Tanggapan dari Sufmi Dasco Ahmad
Sementara itu, Ketua Harian Partai Gerindra, Sufmi Dasco Ahmad, mengaku belum mendengar kabar tersebut. Hal ini dikatakan Dasco usai berbincang dengan Budi Arie Setiadi di sela-sela Kongres III Projo di hari yang sama.
“Statemen tadi saya belum dengar, mungkin nanti saya, mungkin nanti saya pengin dengar di dalam,” kata Dasco.
Ia juga mengaku belum mendengar rencana sejumlah relawan Projo untuk bergabung memperkuat amunisi partai. Namun, ia memastikan bahwa Gerindra siap menerima gelombang besar para relawan dari manapun.
Partai yang dipimpin oleh Presiden Prabowo Subianto tersebut akan mempertimbangkan agar masukan para calon kader diakomodir.
“Kalau Gerindra siap, gelombang besar dari manapun. Ya kita namanya aspirasi, tentu kita akan pertimbangkan untuk diakomodir,” jelas Dasco.
Perubahan Logo Projo
Seiring dengan itu, Budi Arie yang terpilih kembali menjadi Ketum Projo ingin mengubah logo persatuan relawan Projo.
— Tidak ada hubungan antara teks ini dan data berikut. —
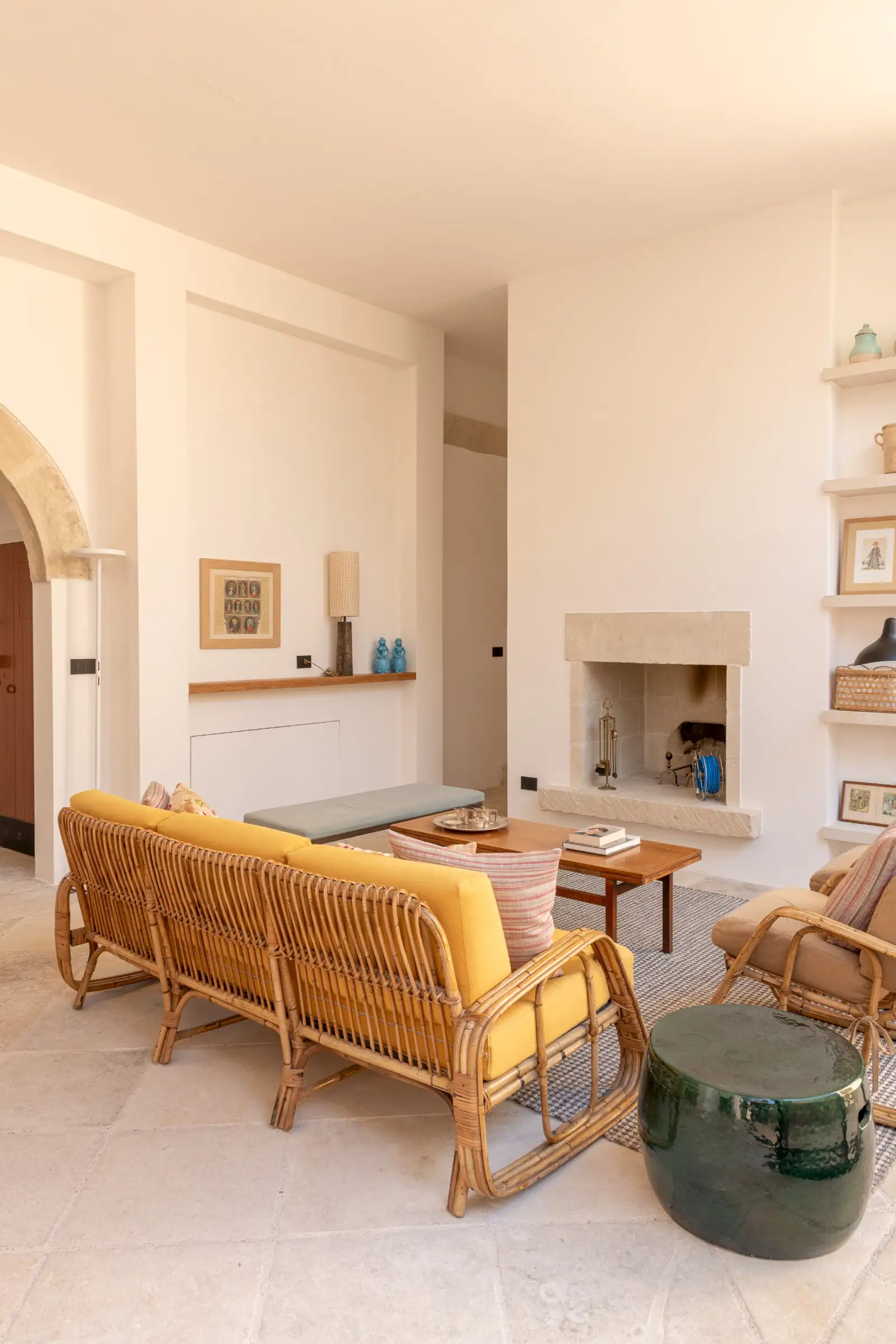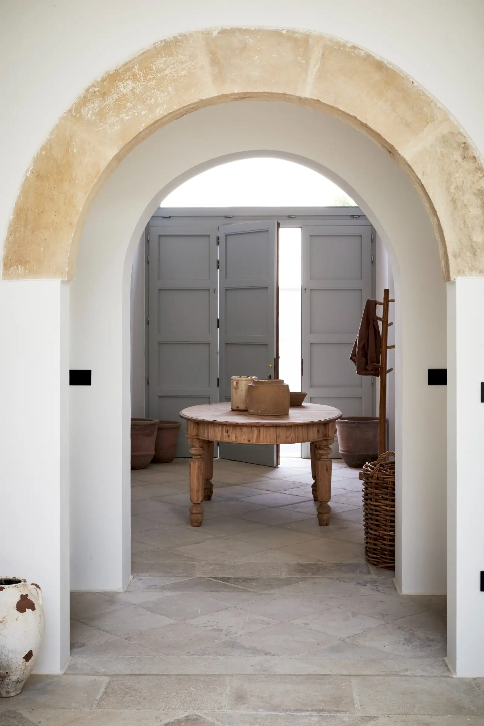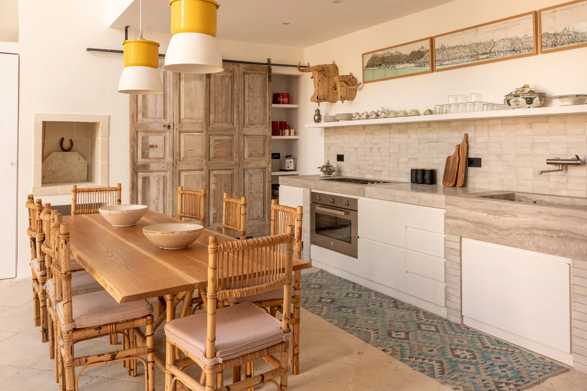 Natural materials such as stone, wood and linen give texture and soul to the property and the decoration is a clever mix of soft earthy colours, original art, and pieces that gently root guests to the location – such as terracotta olive oil jugs and salvaged double wooden doors. Architectural features such as niches are both practical and decorative and two of the four shower rooms are round like trullos.

Alasannya adalah agar tidak terkesan mengkultuskan seseorang.
Adapun logo Projo saat ini berwarna hitam dan merah. Siluet wajah Presiden ke-7 Joko Widodo juga tergambar jelas menjadi inti logo, yang dilingkari lingkaran berwarna putih. Di bawah lingkaran, terdapat nama Projo.
Budi pun telah berbicara dengan Jokowi terkait perubahan logo itu.
“Logo Projo akan kita rubah, supaya tidak terkesan kultus individu,” bebernya.
Budi juga membantah bahwa Projo adalah singkatan dari Pro Jokowi. Menurutnya, Projo adalah bahasa Sansekerta yang berarti negeri.
“Projo itu artinya negeri dan rakyat. Jadi Projo itu sendiri artinya adalah negeri dalam bahasa Sansekerta, dan dalam bahasa Jawa Kawi itu artinya rakyat,” tandas Budi.